> _To do_: Would you restate, word for word, only the lines starting at the one with "Bylo jasné, že" and ending with the final line of the entries below? Pictures stay out.

Top of Material for this exercise

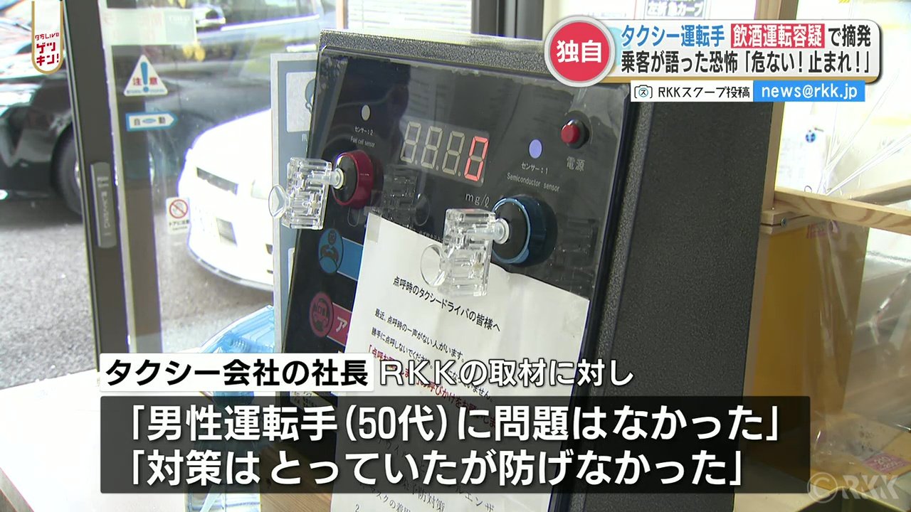 タクシー会社の社長はRKKの取材に対し、これまで男性運転手に問題はなかったとした上で「対策はとっていたが防げなかった」と話し、今後 警察の協力を得て講習を開くなど再発防止に努めたいとしています。
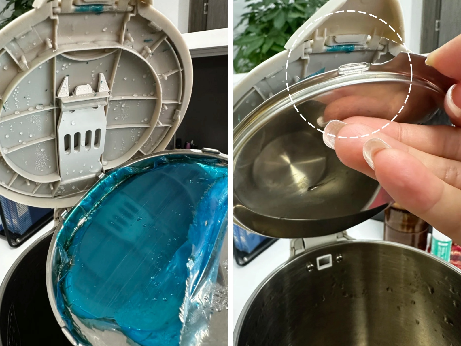 Ngoài ra, một số sản phẩm giá rẻ còn có cấu tạo nhiều lớp bên trong nắp. Trong quá trình sản xuất, lớp kim loại thường được dán kèm lớp bảo vệ hoặc màng mỏng. Nếu lắp ráp không kỹ, lớp này có thể bị giữ lại bên trong mà người dùng không nhận ra. Khi gặp hơi nước nóng lâu ngày, các lớp vật liệu này cũng có thể xuống cấp và rơi vào nước.
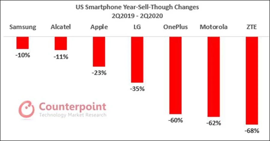 Bylo jasné, že pandemie koronaviru negativně pohne ekonomikou a prodeji i mobilních zařízení. Otázkou jen bylo, jak moc. Pokud pohlédneme na Samsung, víme, že například v Indii ve druhém čtvrtletí prodeje meziročně klesly o těžko uvěřitelných 60 %. Pokud se ale zaměříme na prodeje Samsungu ve Spojených státech, nebylo to tak hrozné.
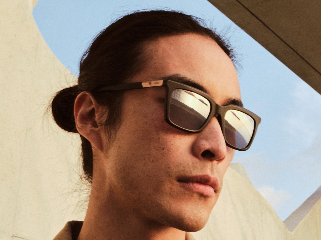 - Injection-molded temples with acetate construction.
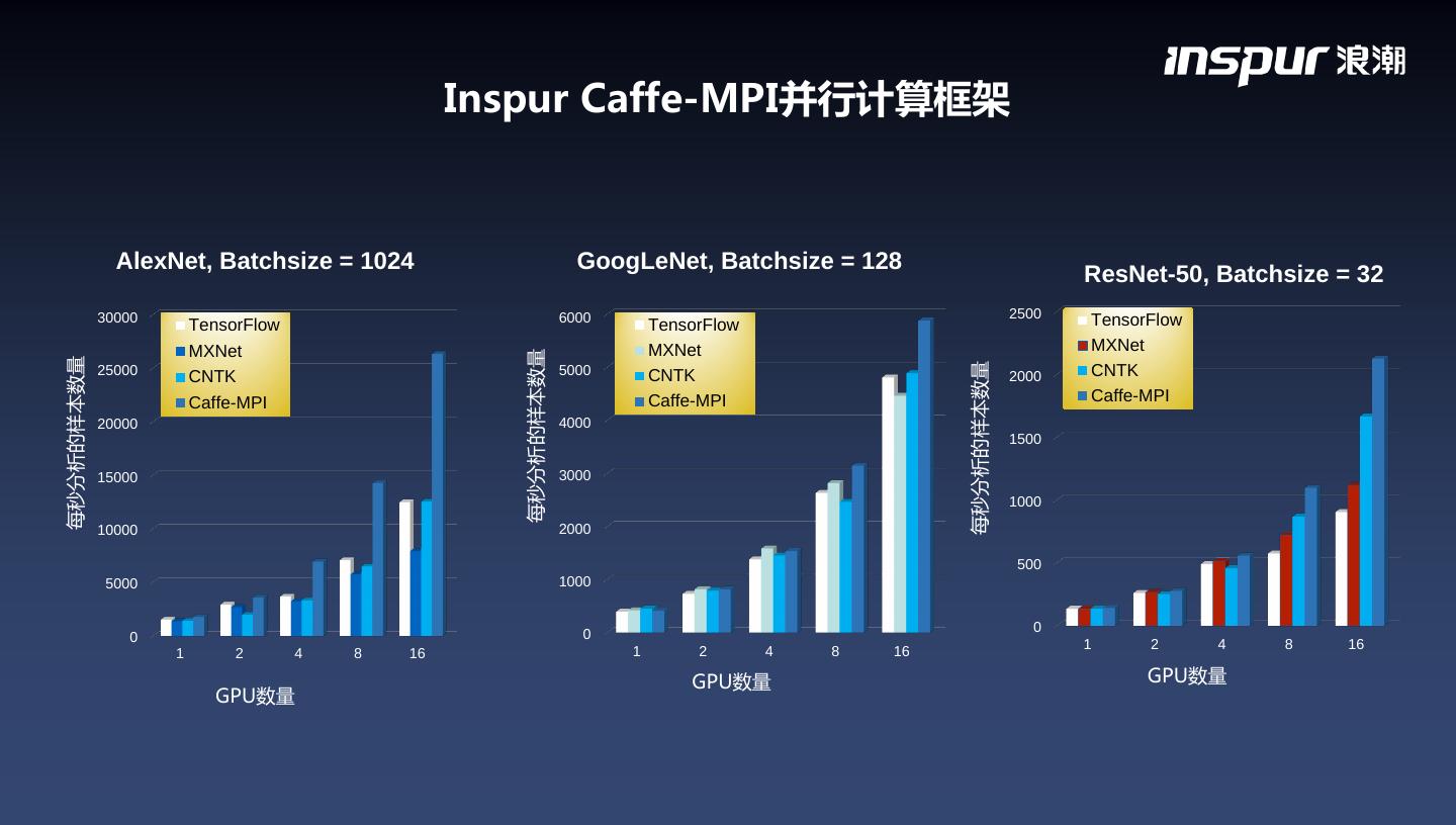 29 . Inspur Caffe-MPI并行计算框架 AlexNet, Batchsize = 1024 GoogLeNet, Batchsize = 128 ResNet-50, Batchsize = 32 30000 6000 2500 TensorFlow TensorFlow TensorFlow MXNet MXNet MXNet 每秒分析的样本数量 每秒分析的样本数量 每秒分析的样本数量 25000 CNTK 5000 CNTK 2000 CNTK Caffe-MPI Caffe-MPI Caffe-MPI 20000 4000 1500 15000 3000 1000 10000 2000 500 5000 1000 0 0 0 1 2 4 8 16 1 2 4 8 16 1 2 4 8 16 GPU数量 GPU数量 GPU数量

Bottom of Material for this exercise

> _Answer space_:
 Bylo jasné, že pandemie koronaviru negativně pohne ekonomikou a prodeji i mobilních zařízení. Otázkou jen bylo, jak moc. Pokud pohlédneme na Samsung, víme, že například v Indii ve druhém čtvrtletí prodeje meziročně klesly o těžko uvěřitelných 60 %. Pokud se ale zaměříme na prodeje Samsungu ve Spojených státech, nebylo to tak hrozné.
 - Injection-molded temples with acetate construction.
 29 . Inspur Caffe-MPI并行计算框架 AlexNet, Batchsize = 1024 GoogLeNet, Batchsize = 128 ResNet-50, Batchsize = 32 30000 6000 2500 TensorFlow TensorFlow TensorFlow MXNet MXNet MXNet 每秒分析的样本数量 每秒分析的样本数量 每秒分析的样本数量 25000 CNTK 5000 CNTK 2000 CNTK Caffe-MPI Caffe-MPI Caffe-MPI 20000 4000 1500 15000 3000 1000 10000 2000 500 5000 1000 0 0 0 1 2 4 8 16 1 2 4 8 16 1 2 4 8 16 GPU数量 GPU数量 GPU数量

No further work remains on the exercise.